To perform the sampling, we will use a Metropolis algorithm. (Note: This is not a preferred sampling algorithm; Hamiltonian Monte Carlo, for example, would perform better. We use Metropolis here to demonstrate how EQTK’s capabilities can be integrated into a larger calculation.) We will not show the details of the sampling algorithm here, but the source code is shown at the end of this document. To be concise, will run the .py file containing the sampling functions so we have access to them here.

[4]:
%run metropolis_hastings.py

Let’s look at the doc string of mh_sample(), the main sampling function.

[5]:
help(mh_sample)
Help on function mh_sample in module __main__:

mh_sample(logpost, x0, sigma=None, discrete=None, args=(), n_burn=1000, n_steps=1000, tune_interval=100, variable_names=None, return_acceptance_rate=False)
    Parameters
    ----------
    logpost : function
        The function to compute the log posterior. It has call
        signature `logpost(x, *args)`, and must by compiled with
        numba in nopython mode.
    x0 : ndarray, shape (n_variables,)
        The starting location of a walker in parameter space.
    sigma : ndarray, shape (n_variables,)
        The standard deviations for the proposal distribution.
        If None, takes all values to be one.
    discrete : ndarray of bools, shape (n_variables,)
        discrete[i] is True if variable i is discrete and False
        otherwise. If None (default), all entries are False.
    args : tuple
        Additional arguments passed to `logpost()` function.
    n_burn : int, default 1000
        Number of burn-in steps.
    n_steps : int, default 1000
        Number of steps to take after burn-in.
    tune_interval : int, default 100
        Number of steps to use when determining acceptance
        fraction for tuning.
    variable_names : list, length n_variables
        List of names of variables. If None, then variable names
        are sequential integers.
    return_acceptance_rate : bool, default False
        If True, also return acceptance rate.

    Returns
    -------
    output : DataFrame
        The first `n_variables` columns contain the samples.
        Additionally, column 'lnprob' has the log posterior value
        at each sample.

Importantly, the sampling function, mh_sample() requires an inputted log posterior function that is JITted with Numba. This means that we should use EQTK’s low-level interface to compute the equilibrium concentrations and ultimately the anisotropy.

Numba’d anisotropy

We will use eqtk.solveNK(), a JITted low-level function for computing the equilibrium concentrations. EQTK’s low-level functions require that the input be as contiguous Numpy arrays in C order. Further, instead of specifying the equilibrium constants, \(\mathbf{K}\), we supply their natural logarithm. Finally, the low-level functions return the natural logarithm of the dimensionless concentrations. With these considerations in mind, and also remembering the ordering of the concentrations (actin, actin-SD, F, actin-SD, actin-F), we can write a JITted function to compute the anisotropy.

[6]:
@numba.njit
def anisotropy(x0, N, logKd, logKdf, rf, rb):
    """User EQTK to compute the anisotropy."""
    logx = eqtk.solveNK(x0, N, np.array([logKd, logKdf]))
    x = np.exp(logx)

    return (rf * x[:,2] + rb * x[:,4]) / x0[:,2]

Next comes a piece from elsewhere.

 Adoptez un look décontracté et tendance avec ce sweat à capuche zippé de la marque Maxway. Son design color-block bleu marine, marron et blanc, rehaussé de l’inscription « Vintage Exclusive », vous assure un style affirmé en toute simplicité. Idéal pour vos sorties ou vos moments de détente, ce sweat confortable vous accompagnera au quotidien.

Specifying the log posterior

We can now specify the log posterior according to our statistical model. Note that we call the anisotropy() function in the log likelihood function. The anisotropy() function in turn calls eqtk.solveNK(). Because all of these functions are JITted with Numba, the entire log posterior can also be JITted.

[7]:
@numba.njit
def log_prior(logKd, logKdf, rf_d, rf_c, rb_d, rb_c, sigma):
    """Log prior, enforcing positivity constraints."""
    if rf_d <= 0 or rf_c <= 0 or rb_d <= 0 or rb_c <= 0 or sigma <= 0:
        return -np.inf

    lp = -(logKd ** 2) / 200
    lp -= logKdf ** 2 / 200
    lp -= (rf_d - 100) ** 2 / 1800
    lp -= (rf_c - 100) ** 2 / 1800
    lp -= (rb_d - 100) ** 2 / 1800
    lp -= (rb_c - 100) ** 2 / 1800
    lp -= sigma ** 2 / 200

    return lp


@numba.njit
def log_likelihood(
    logKd, logKdf, rf_d, rf_c, rb_d, rb_c, sigma, x0_d, x0_c, r_d, r_c, N
):
    """Log likelihood, with anisotropies computed using EQTK."""
    r_d_theor = anisotropy(x0_d, N, logKd, logKdf, rf_d, rb_d)
    r_c_theor = anisotropy(x0_c, N, logKd, logKdf, rf_c, rb_c)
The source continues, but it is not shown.